== Instructions to follow ==
Shown below are entries with pictures; the line with "آلة كرات التنس،" through the line with "Julia Fox subió" is the span to retype exactly, and the pictures stay out.

== Records for this task ==

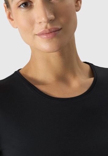 - Wykonana w 95% z miękkiej bawełny z dodatkiem 5% elastanu, co sprawia, że jest lekko rozciągliwa. Okrągły dekolt wykończony lekkim ribowaniem.
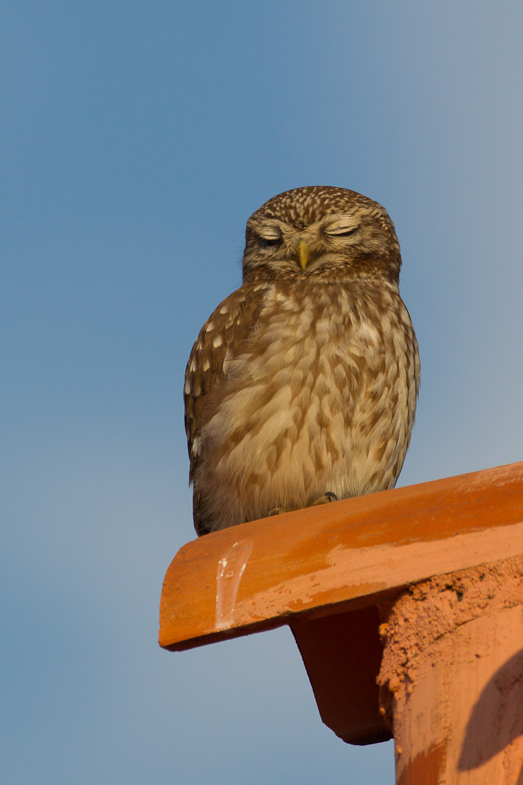 Der Urlaub bescherte uns jede Menge Eulen und Käuze... so auch diesen Steinkauz in der Morgensonne
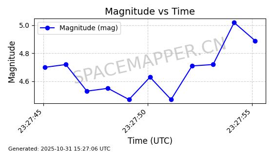 | STARLINK-31063 | 58547 | 58547 | 2023-12-08 同日期轨道 2023-192S 同批次轨道 | 在轨 | 94分钟 | 53.1604 | 474.313 | 476.191 | 0.0001369 | 2025-10-30 05:04:14 |  | |
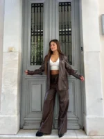 Σοκολατί απόχρωση που εκπέμπει κομψότητα και ζεστασιά. Το σετ περιλαμβάνει σακάκι με φόδρα και παντελόνι με λάστιχο στη μέση για τέλεια εφαρμογή. Must-have επιλογή για κομψές εμφανίσεις από το πρωί έως το βράδυ.
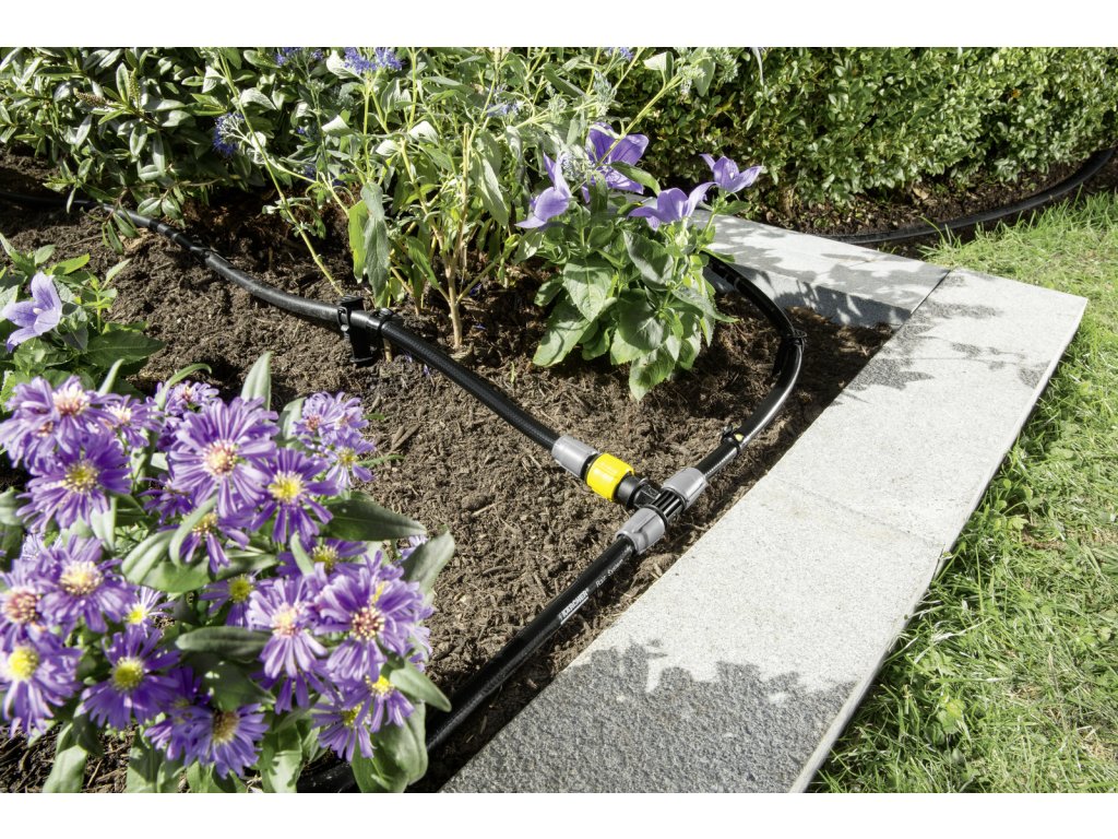 Hadice systému Kärcher Rain System® je hlavní součástí tohoto systému. Dodává rovnoměrně vodu v rámci celého systému. Na hadici lze optimálně připevnit manžety pro kapénkovou závlahu a postřik. Hadici lze podle potřeby zkrátit, pomocí I-dílů prodloužit a díky T-dílům i rozdvojit. Na konec hadice můžete připevnit např. hadici pro kapénkovu závlahu. Hadice systému Kärcher Rain System® je dlouhá 10 m. Tlaku odolná tkaná výztuž hadice je vyrobena z materiálů bez ftalátů, kadmia, baria a olova, a proto je zcela zdravotně nezávadná. Vnější vrstva s anti-UV filtrem je odolná proti povětrnostním vlivům, chrání materiál hadice a neprůhledná mezivrstva zabraňuje tvorbě vodních řas v hadici. Montáž hadice je velice jednoduchá a není k ní potřeba žádného nářadí. Kärcher Rain System® spojuje výhody mikroodkapávání a běžného zavlažování, pracuje pod tlakem až 4 bar a je vybaven 1/2"-hadicí s manžetami pro kapénkovou závlahu a postřikovacími manžetami. Kärcher Rain System® spojuje výhody mikroodkapávání a běžného zavlažování, pracuje pod tlakem až 4 bar a lze jej přizpůsobit téměř jakémukoliv typu zahrady.
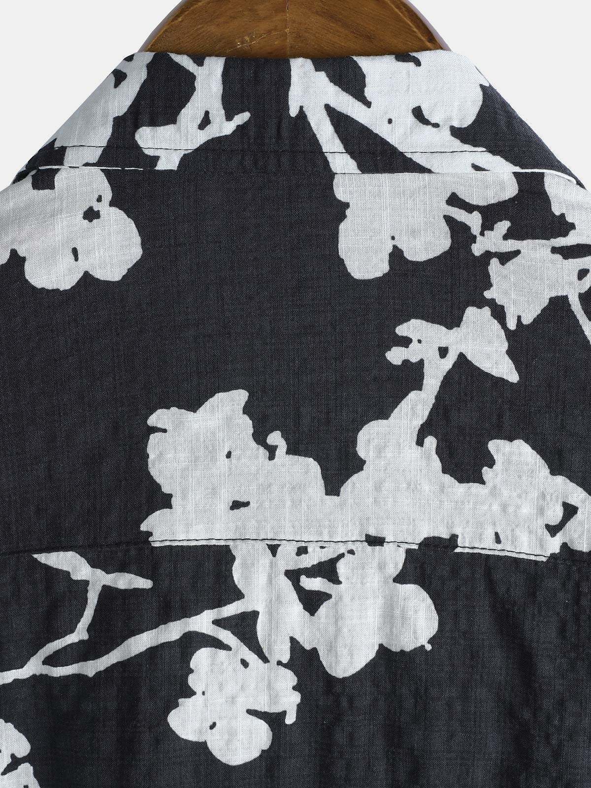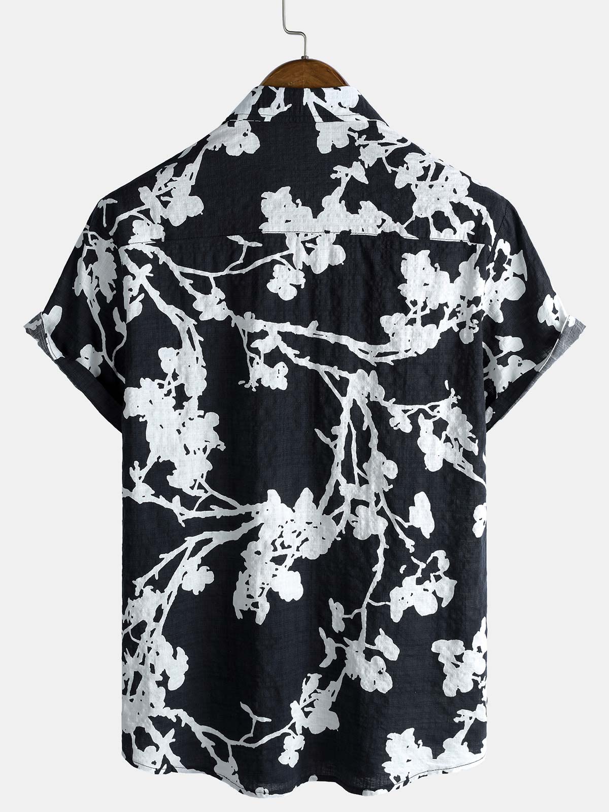 Men's Black and White Hawaiian Floral Breathable Cotton Casual Button Down Shirt
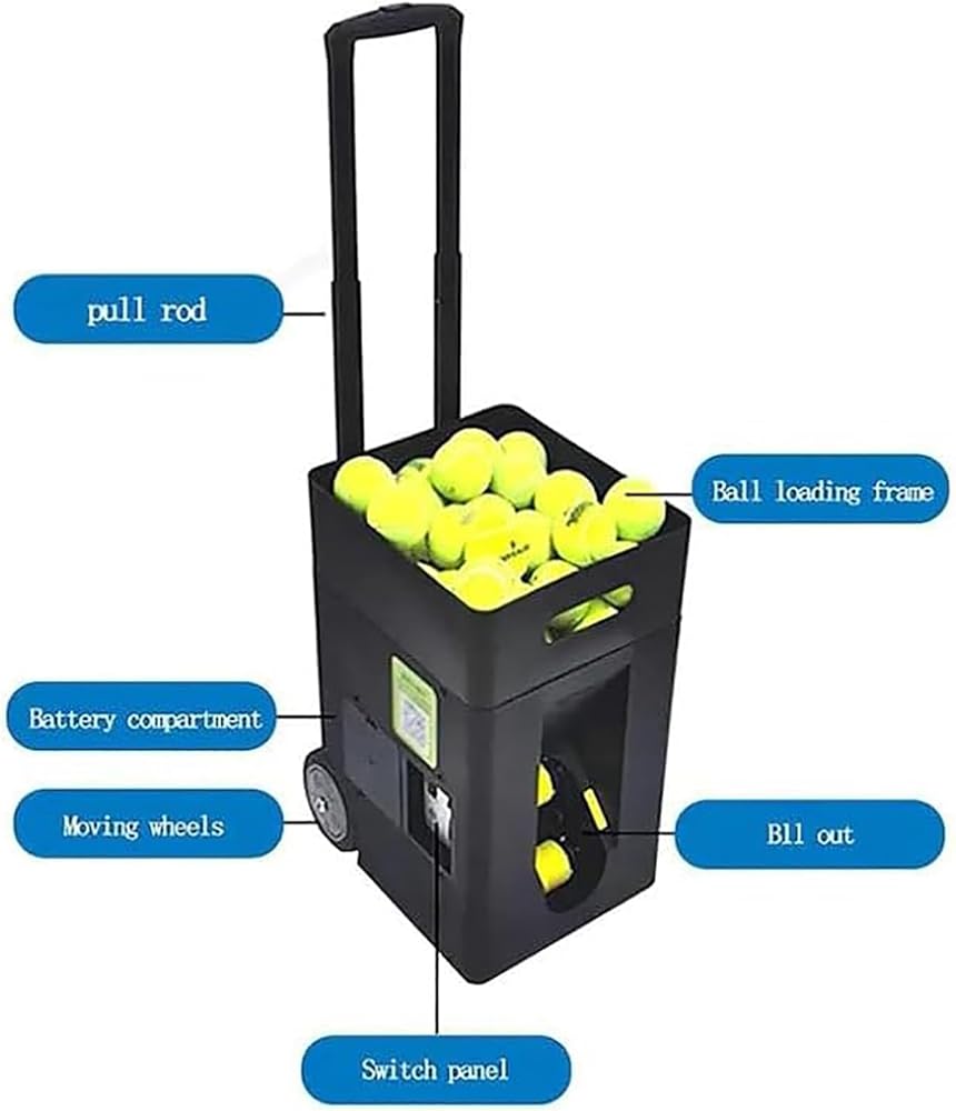 آلة كرات التنس، قاذفة كرات التنس الأوتوماتيكية، سعة 50 كرة، زاوية إطلاق قابلة للتعديل، تدريبات مبرمجة مسبقًا ومخصصة، للمبتدئين في التدريب الرياضي الفردي
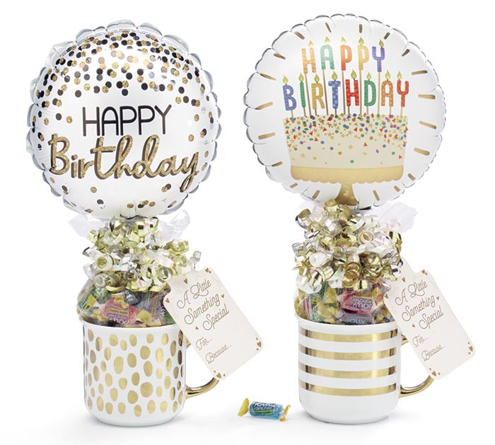 Included is a white/gold ceramic mug with Tootsie Rolls inside, decorated with a bow & cute Happy Birthday balloon!
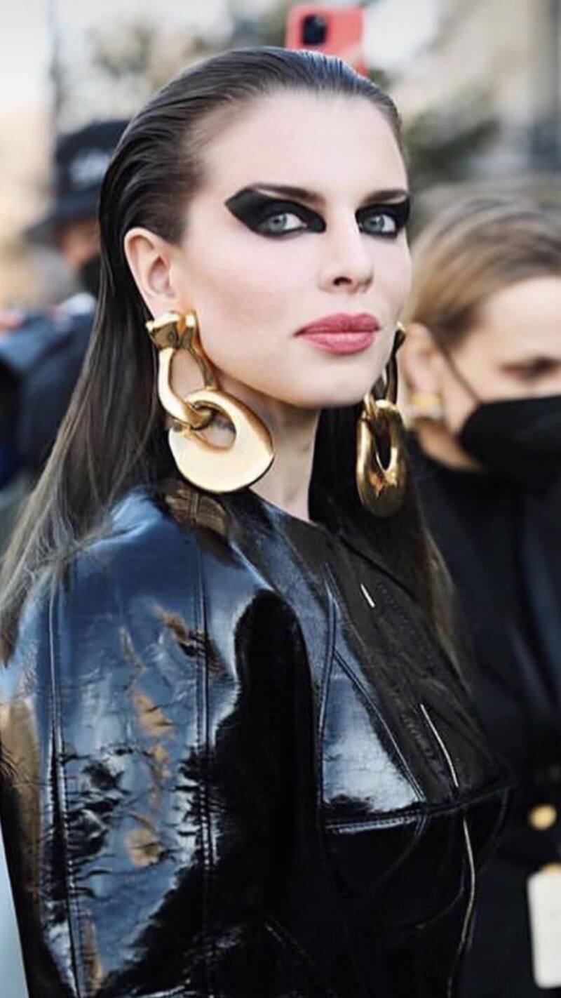 Julia Fox subió una foto de ella con el rapero en que escribió "Juliye" y la acompañó con un emoji de un corazón negro. En la foto, ambos lucen de negro y Kanye West luce una capucha y guantes del mismo color. La actriz porta unos aretes gigantes con un pesado maquillaje de ojos negro.
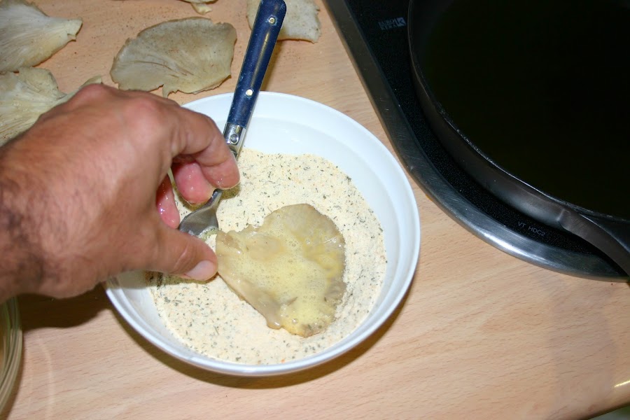 en un bol ponemos la harina, el pan rallado y el perejil y en el otro el huevo

== Written response ==
 آلة كرات التنس، قاذفة كرات التنس الأوتوماتيكية، سعة 50 كرة، زاوية إطلاق قابلة للتعديل، تدريبات مبرمجة مسبقًا ومخصصة، للمبتدئين في التدريب الرياضي الفردي
 Included is a white/gold ceramic mug with Tootsie Rolls inside, decorated with a bow & cute Happy Birthday balloon!
 Julia Fox subió una foto de ella con el rapero en que escribió "Juliye" y la acompañó con un emoji de un corazón negro. En la foto, ambos lucen de negro y Kanye West luce una capucha y guantes del mismo color. La actriz porta unos aretes gigantes con un pesado maquillaje de ojos negro.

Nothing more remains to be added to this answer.